The Arlington Center decision implicitly rejects a more-innovative design for a diagonal bicycle crossing that would have made the Minuteman Path continuous through the intersection for cyclists only.

The plan will also remove parking from the south side of Mass. Ave. between the intersection and Swan Place, and will lengthen the left-turn lane for Mystic Street inbound.

Update: The Town has since posted on it’s web page for the center-crossing project a drawing that differs from the one in I used to illustrate this post above in several respects. For instance, the new plan shows six new parking spaces on the east side of Mystic St. (described as something to “explore”) and no bicycle lanes on Mass. Ave. west of the intersection.

The new parking spots follow a suggestion made at the public design meeting back in January.

Other features of the plan include shorter crossing distances for pedestrians, improvements to signal timing, and an extension of the Minuteman Path through Uncle Sam Park that will bring the northwest segment of the path as far as the sidewalk at the corner of Mass. Ave. and Route 16.

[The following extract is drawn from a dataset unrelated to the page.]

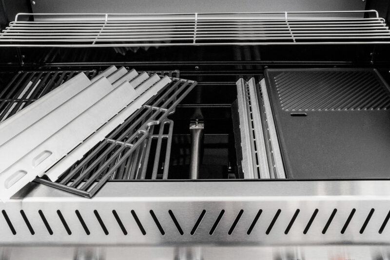 Päť hlavných horákov s výkonom 3,5 kW poskytuje dostatočný výkon na prípravu väčšieho množstva jedál naraz, či už ide o mäso, zeleninu alebo ryby. Bočný horák s výkonom 3,15 kW využijete na prípravu príloh, ohrev omáčok či varenie. Gril je vybavený tromi liatinovými roštami a jedným liatinovým plátom, ktoré rovnomerne rozvádzajú teplo. Súčasťou výbavy je aj nerezový rošt na ohrev. Ten je ideálny na odkladanie hotových pokrmov bez toho, aby došlo k ich pripaľovaniu.
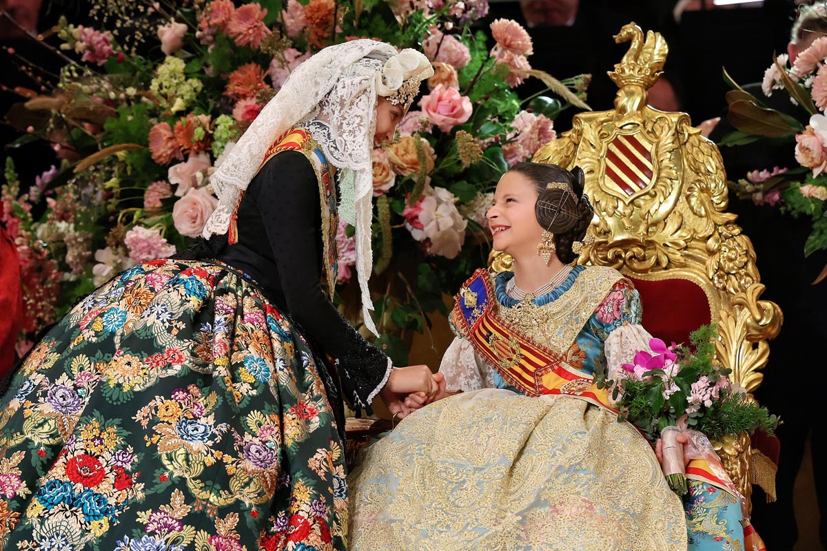 Tras la imposición de bandas a la Corte de Honor Infantil, la voz de Reis Juan ha recitado las palabras que precedían al momento más esperado de toda la tarde, «..pel conjunt de virtuts que atesora i que la fan dignísima portadora de nostra més alta representació, rindam homenatge d’amor i pleitesia a la Fallera Major Infantil de València (…)”

The new crossing, at Swan Place, will have a traffic light coordinated with the signals at Route 60. It includes a dedicated bicycle crossing separate from the pedestrian crossing. The bicycle crossing connects to a new bike lane leading though the intersection.

The idea of a diagonal bicycle crossing, called a crossbike, got strong support during the public design discussion held by the Town on January 10.

However at last night’s meeting the Town’s DPW Director, Mike Raedemacher, explained that the project working group decided to rule out the crossbike due to safety concerns.

Raedemacher said that some pedestrians and rollerbladers would be drawn to use the crossbike but would not have time to cross safely.

At the January 10 meeting Keri Pyke, a consultant working on the design, had also expressed concern that a cyclist riding outside the diagonal crossing to pass slower pedestrians there might collide with a turning car.

Work in the center, like that on the Mass. Ave. Project in East Arlington, will begin early next year. The temporary art installations would not appear until after that work is done.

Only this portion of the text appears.